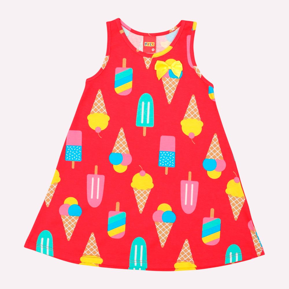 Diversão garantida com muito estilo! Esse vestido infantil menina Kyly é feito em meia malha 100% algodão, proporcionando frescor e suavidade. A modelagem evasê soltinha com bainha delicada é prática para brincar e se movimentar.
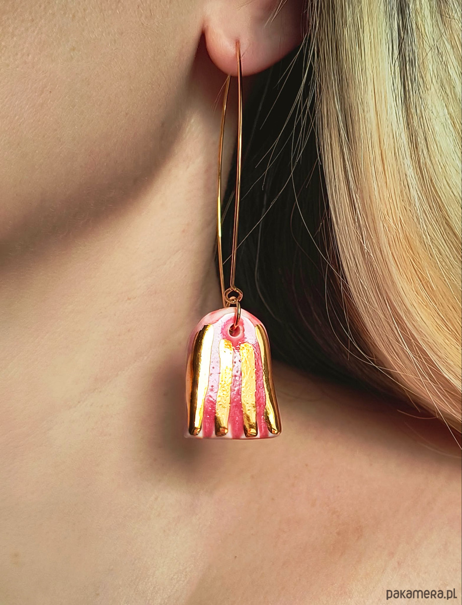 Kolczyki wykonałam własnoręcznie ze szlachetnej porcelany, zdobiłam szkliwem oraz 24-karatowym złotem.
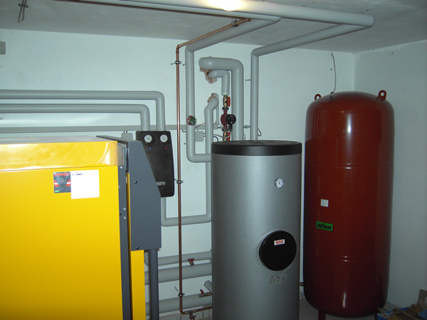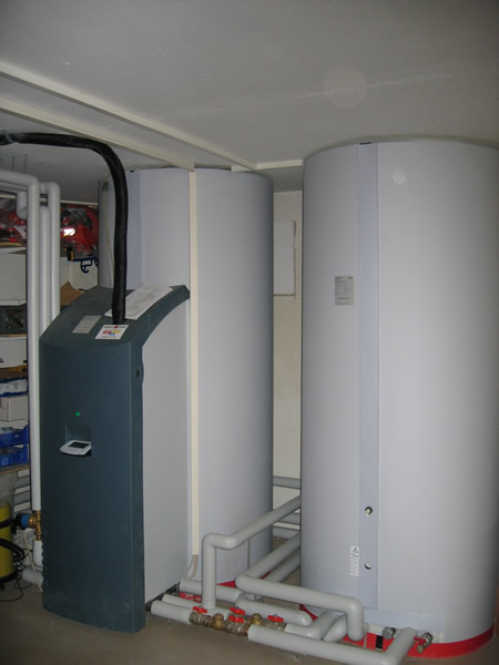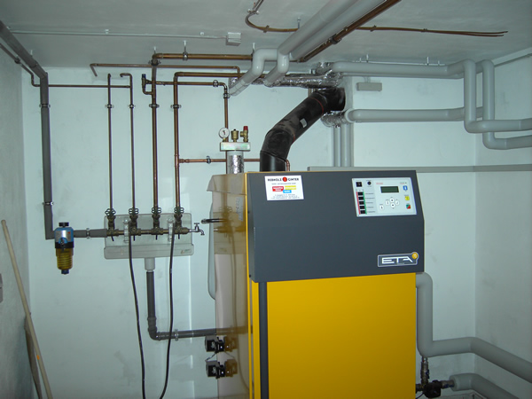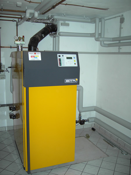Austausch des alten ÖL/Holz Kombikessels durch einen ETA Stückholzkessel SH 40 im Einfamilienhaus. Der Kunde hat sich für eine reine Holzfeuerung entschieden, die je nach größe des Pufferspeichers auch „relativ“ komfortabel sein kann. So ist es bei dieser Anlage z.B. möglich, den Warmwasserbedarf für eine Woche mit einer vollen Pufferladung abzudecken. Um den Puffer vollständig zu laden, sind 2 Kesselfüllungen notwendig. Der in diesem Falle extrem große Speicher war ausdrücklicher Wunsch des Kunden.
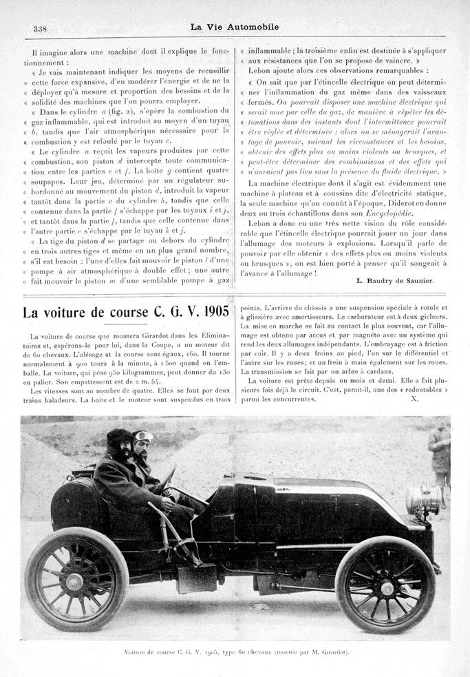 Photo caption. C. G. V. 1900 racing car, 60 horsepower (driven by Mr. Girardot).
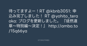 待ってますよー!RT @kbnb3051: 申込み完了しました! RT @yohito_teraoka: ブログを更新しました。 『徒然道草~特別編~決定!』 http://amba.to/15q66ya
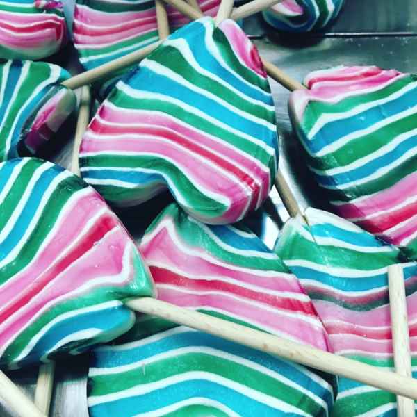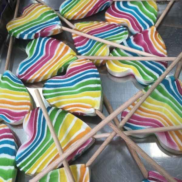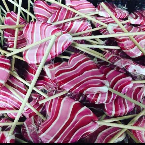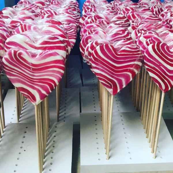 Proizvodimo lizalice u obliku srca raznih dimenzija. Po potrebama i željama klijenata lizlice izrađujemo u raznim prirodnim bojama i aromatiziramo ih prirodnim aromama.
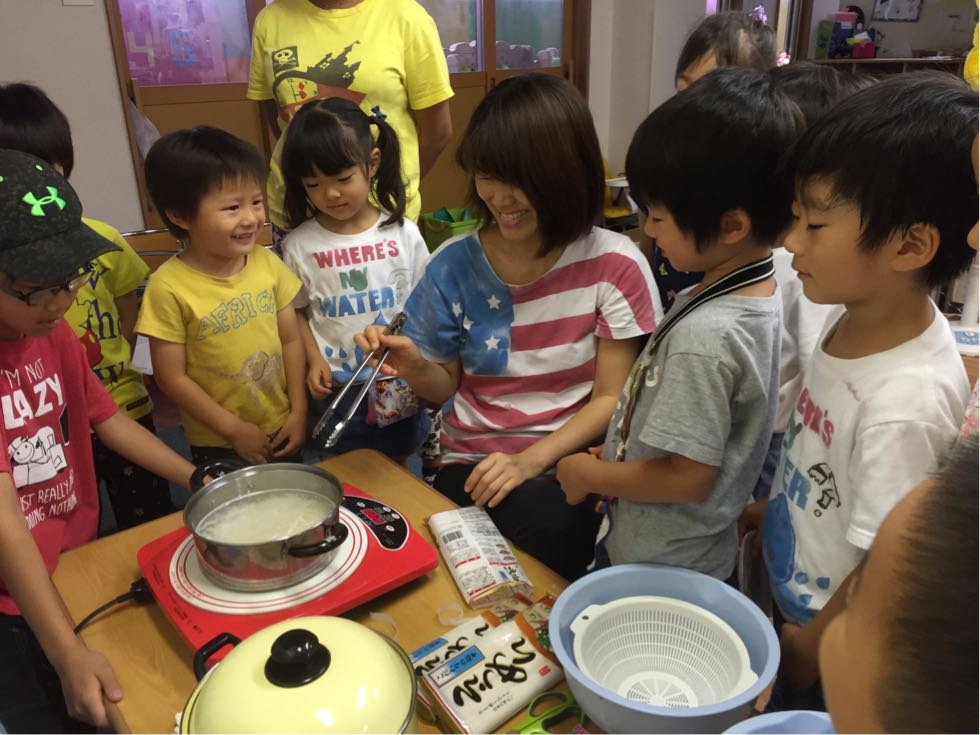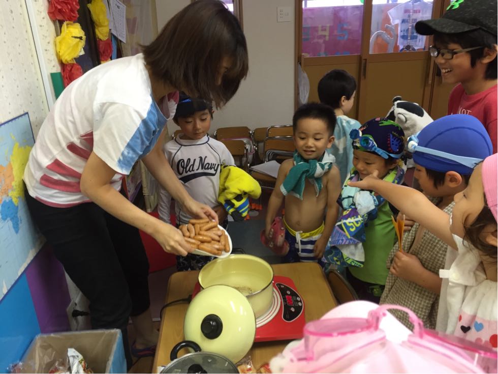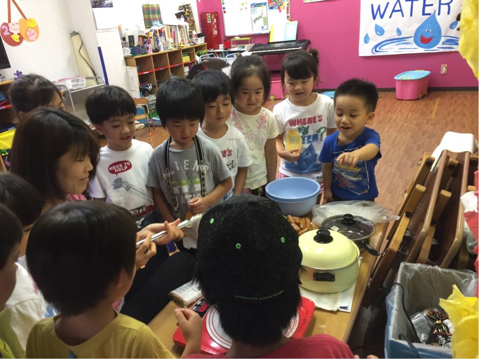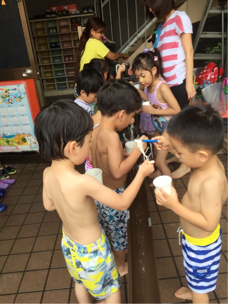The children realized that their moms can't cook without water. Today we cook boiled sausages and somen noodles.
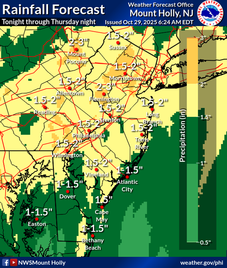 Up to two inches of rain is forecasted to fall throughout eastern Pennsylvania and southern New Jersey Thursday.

• [WHAT IS EXPECTED]:
Starting from the first line of the listing above, write out every line exactly through the one containing "待ってますよー!RT @kbnb3051: 申込み完了しました!", and drop the pictures.

• [WRITTEN RESPONSE]:
 Diversão garantida com muito estilo! Esse vestido infantil menina Kyly é feito em meia malha 100% algodão, proporcionando frescor e suavidade. A modelagem evasê soltinha com bainha delicada é prática para brincar e se movimentar.
 Kolczyki wykonałam własnoręcznie ze szlachetnej porcelany, zdobiłam szkliwem oraz 24-karatowym złotem.
Austausch des alten ÖL/Holz Kombikessels durch einen ETA Stückholzkessel SH 40 im Einfamilienhaus. Der Kunde hat sich für eine reine Holzfeuerung entschieden, die je nach größe des Pufferspeichers auch „relativ“ komfortabel sein kann. So ist es bei dieser Anlage z.B. möglich, den Warmwasserbedarf für eine Woche mit einer vollen Pufferladung abzudecken. Um den Puffer vollständig zu laden, sind 2 Kesselfüllungen notwendig. Der in diesem Falle extrem große Speicher war ausdrücklicher Wunsch des Kunden.
 Photo caption. C. G. V. 1900 racing car, 60 horsepower (driven by Mr. Girardot).
 待ってますよー!RT @kbnb3051: 申込み完了しました! RT @yohito_teraoka: ブログを更新しました。 『徒然道草~特別編~決定!』 http://amba.to/15q66ya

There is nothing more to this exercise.